The completed output file can be found here.

Generating Win/Loss Probabilities

With these data, we can generate win/loss probabilities for future matchups, which is what we need for our TCG Sportsbook project.

Let’s pit the top two players against one another:

This can be done easily in R with the predict function.

# Predict the probability of Player 42 winning against Player 67
predict(season1ratings, newdata=data.frame(Player=42, Opponent=67, tng=1))

The output we receive is:

[1] 0.6926854

This means that Player 42 has a win probability of ~0.69 against Player 67 in a hypothetical match between them.

Next Steps: Deck Factors

We’ve demonstrated an ability to give players ratings based on their skill from tournament data.

The next issue we’ll have to address is that of deck strategy.

Glicko/Glicko2 (and its forebear, Elo), were made to gauge skill in low randomness games like chess. In games like these, both players come to the table with identical game pieces. Both sides have the same number of pawns, knights, rooks, bishops, etc. Both sides have these pieces in the same starting position.

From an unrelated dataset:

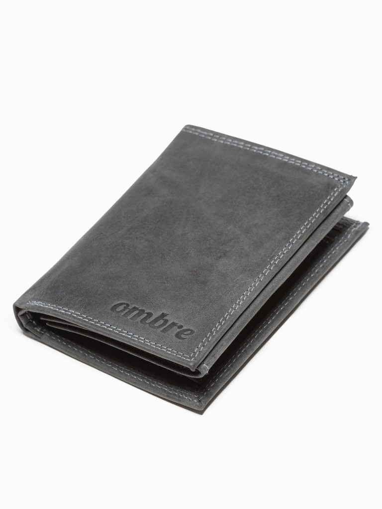 Vertikální peněženka se zapínáním na cvoček disponuje logem Ombre na přední straně. Obsahuje přihrádku na mince se zapínáním na cvoček i prostor pro průkazky. Součástí jsou dvě přihrádky na bankovky a prostor na kreditní karty či vizitky.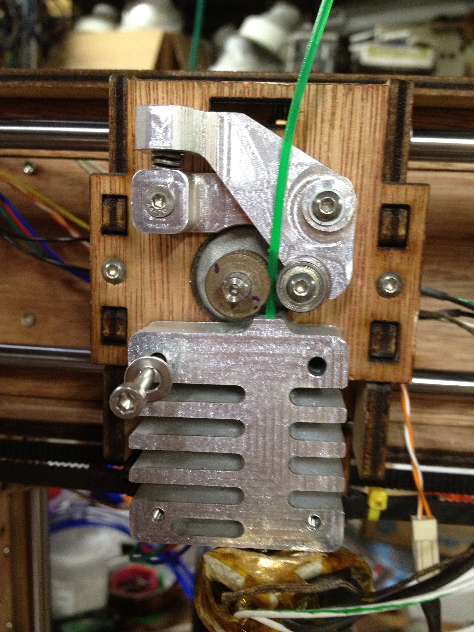 I finally got the extruder sorted out on my “ultimate thing-o-matic upgrade”. Because the extruder hot end has to be much longer than it was on the thing-o-matic, I had to figure out a way to extend it. After much experimentation I finally came to this setup. The makerbot aluminum block was replaced with a cnc machined aluminum heat sink with a 2mm hole drilled through it and 6mm threads on the bottom. I machined a new heat barrier tube from stainless that is pretty much like the makerbot one but a little shorter and thinner to reduce heat transfer.

Trading card games have a higher level of randomness due to the cards in use (which, in part, we addressed by setting the initial Volatility at 0.6 for the algorithm). Each competitor could have a very different deck of cards, or maybe even the same theme of deck, but with a different card list.

All decks don’t perform equally well against one another in every match up. Some decks are simply superior to others, or at least, have very lopsided matchups (where Deck A is three times as likely to win against Deck B, for example), ceteris paribus.

The predict function in R gives us the ability to take such factors into account via a gamma variable (Γ). We’ll use this in the next phase of the project. Γ will be the stand in for the decks in use by either player and allow us to account for how well those decks match up against one another.